What the task requires:
Down to the last line of the listing, starting at the one with "Điểm nhấn của", retype each line exactly. Do not copy the pictures.

Information provided section start

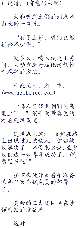 基见有了鸣人的反应后便知道奇拉比已经完全吸引了他的注惫力,于是趁热打铁,急声说道:‘这座岛,同时也是杀人蜂大人为了控制尾兽进行修炼的地方。”
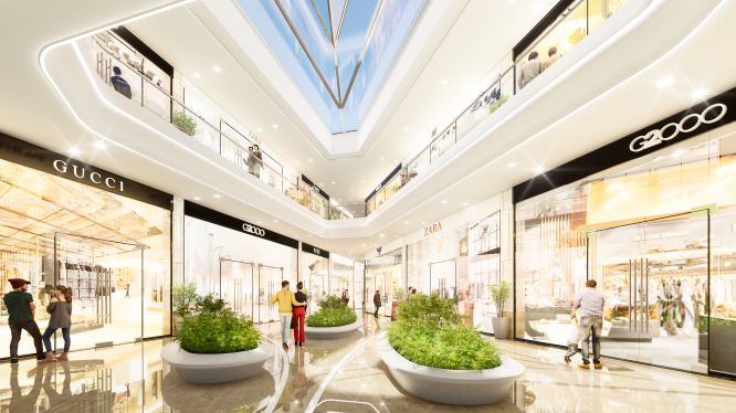 Điểm nhấn của của khu trung tâm thương mại chính là tổ hợp khu trung tâm thương mại dưới tầng đế của S-Premium sở hữu vòm pha lê đặc sắc, ấn tượng. Khu trung tâm thương mại này này được phát triển theo mô hình shopping in the park trong nhà.
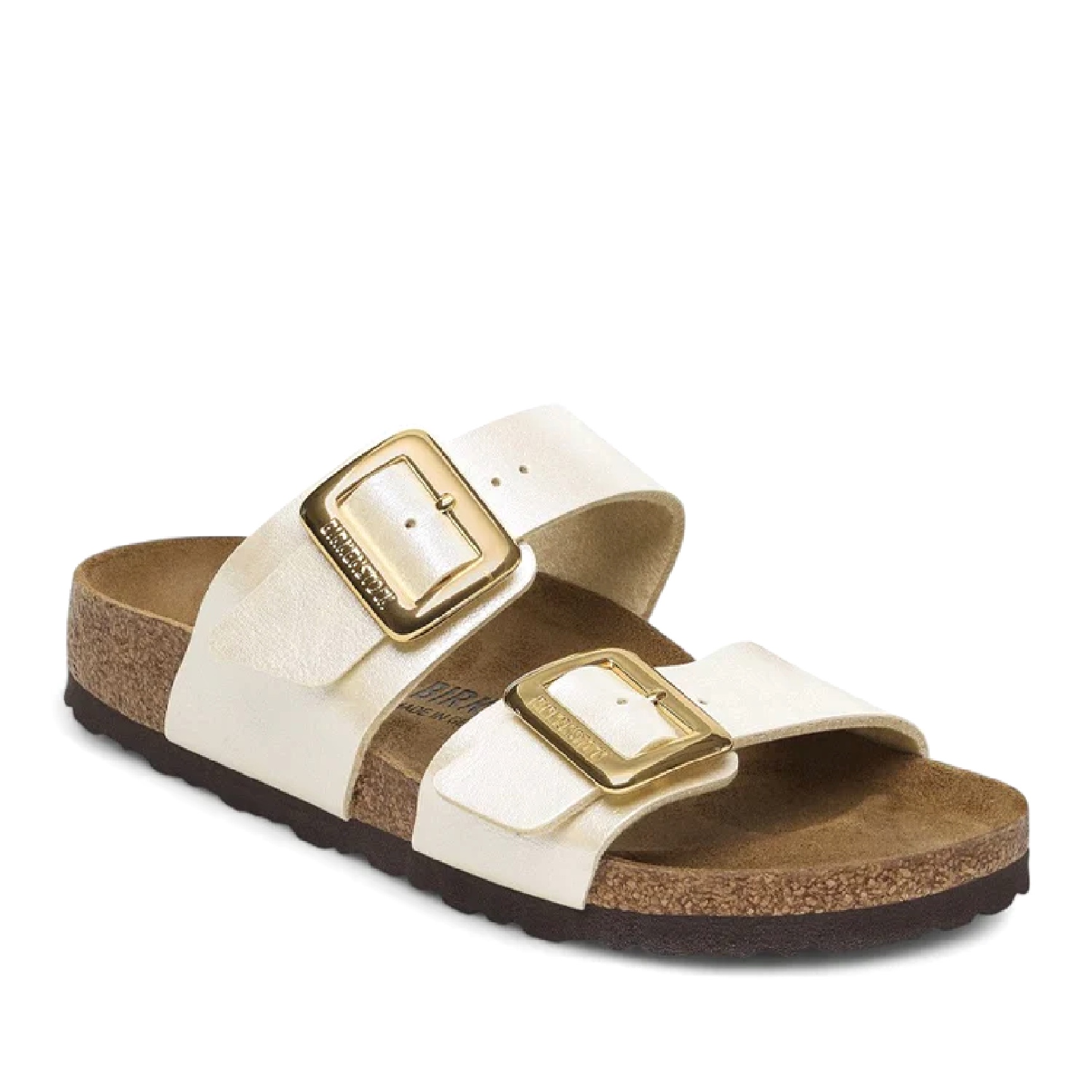 BIRKENSTOCK Sydney dimostra che la moda e la funzionalità possono andare di pari passo. Con i suoi due semplici cinturini, è un vero successo con le donne che vogliono sia l'alta moda che il comfort. Questa versione sandalo ha una finitura setosa. Le fibbie imbottite lucide e delicatamente arrotondate sono particolarmente accattivanti. La tomaia è realizzata in materiale sintetico adatto alla pelle e resistente Birko-Flor.

Information provided section end

Expected output:
 Điểm nhấn của của khu trung tâm thương mại chính là tổ hợp khu trung tâm thương mại dưới tầng đế của S-Premium sở hữu vòm pha lê đặc sắc, ấn tượng. Khu trung tâm thương mại này này được phát triển theo mô hình shopping in the park trong nhà.
 BIRKENSTOCK Sydney dimostra che la moda e la funzionalità possono andare di pari passo. Con i suoi due semplici cinturini, è un vero successo con le donne che vogliono sia l'alta moda che il comfort. Questa versione sandalo ha una finitura setosa. Le fibbie imbottite lucide e delicatamente arrotondate sono particolarmente accattivanti. La tomaia è realizzata in materiale sintetico adatto alla pelle e resistente Birko-Flor.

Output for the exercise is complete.